Menurutnya, pemenuhan batas belanja pegawai 30 persen sebagaimana mandat Undang-Undang Hubungan Keuangan antara Pemerintah Pusat dan Pemerintah Daerah (UU HKPD) harus disikapi secara objektif dan cermat.
Ia menjelaskan sebagian besar alokasi belanja pegawai digunakan untuk tenaga aparatur vital yang menjalankan pelayanan dasar. Di antaranya tenaga kesehatan, pendidik, hingga petugas pelayanan publik terpadu.
Karena itu, penataan belanja perlu dilakukan secara bertahap dengan tetap memperhatikan kebutuhan pelayanan masyarakat. Pada saat yang sama, kapasitas kinerja birokrasi perlu diperkuat agar efisiensi anggaran tidak berujung pada penurunan kualitas pelayanan publik.
Pemerintah Pusat Siapkan Masa Transisi
Rizal mengatakan pemerintah daerah juga tidak perlu panik secara berlebihan menghadapi ketentuan tersebut.

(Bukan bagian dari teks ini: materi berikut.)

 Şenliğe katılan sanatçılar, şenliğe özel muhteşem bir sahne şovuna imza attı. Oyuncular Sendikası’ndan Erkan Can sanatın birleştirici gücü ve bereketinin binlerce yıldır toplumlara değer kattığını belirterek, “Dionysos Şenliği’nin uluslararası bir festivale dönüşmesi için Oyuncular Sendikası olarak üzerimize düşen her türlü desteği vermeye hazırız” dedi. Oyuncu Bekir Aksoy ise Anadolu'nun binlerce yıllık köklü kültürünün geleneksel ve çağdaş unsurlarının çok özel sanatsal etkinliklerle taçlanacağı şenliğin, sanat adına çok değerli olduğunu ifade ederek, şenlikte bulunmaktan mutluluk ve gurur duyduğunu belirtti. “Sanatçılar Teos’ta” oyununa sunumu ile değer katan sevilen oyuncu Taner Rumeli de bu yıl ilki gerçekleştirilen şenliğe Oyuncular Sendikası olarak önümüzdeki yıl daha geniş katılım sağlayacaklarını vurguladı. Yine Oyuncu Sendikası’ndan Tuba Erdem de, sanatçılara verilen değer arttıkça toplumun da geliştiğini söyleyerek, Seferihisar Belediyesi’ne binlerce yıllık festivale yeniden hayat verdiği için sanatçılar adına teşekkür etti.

Berdasarkan perkembangan terbaru, Pemerintah Pusat tengah menyiapkan masa transisi implementasi regulasi yang pengaturannya akan diselaraskan melalui Undang-Undang APBN.

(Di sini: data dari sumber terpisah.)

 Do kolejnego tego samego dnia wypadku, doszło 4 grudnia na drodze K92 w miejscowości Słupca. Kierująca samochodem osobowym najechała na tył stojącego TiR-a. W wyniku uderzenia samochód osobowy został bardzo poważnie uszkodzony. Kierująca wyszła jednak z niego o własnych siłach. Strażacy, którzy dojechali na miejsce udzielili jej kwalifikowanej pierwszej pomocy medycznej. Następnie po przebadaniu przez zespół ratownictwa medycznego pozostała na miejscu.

"Pusat sudah memberikan signal bahwa masa transisi implementasi pasal 146 UU HKPD ini akan diperpanjang. Regulasi ini tujuannya menyehatkan APBD, tetapi implementasinya harus melihat kondisi riil fiskal tiap daerah yang berbeda-beda," jelasnya.
Menurut Rizal, masa transisi tersebut dapat menjadi ruang bagi Kulonprogo untuk melakukan penyesuaian secara bertahap. Penguatan kinerja birokrasi dan kapasitas fiskal daerah tetap menjadi bagian penting dalam proses tersebut.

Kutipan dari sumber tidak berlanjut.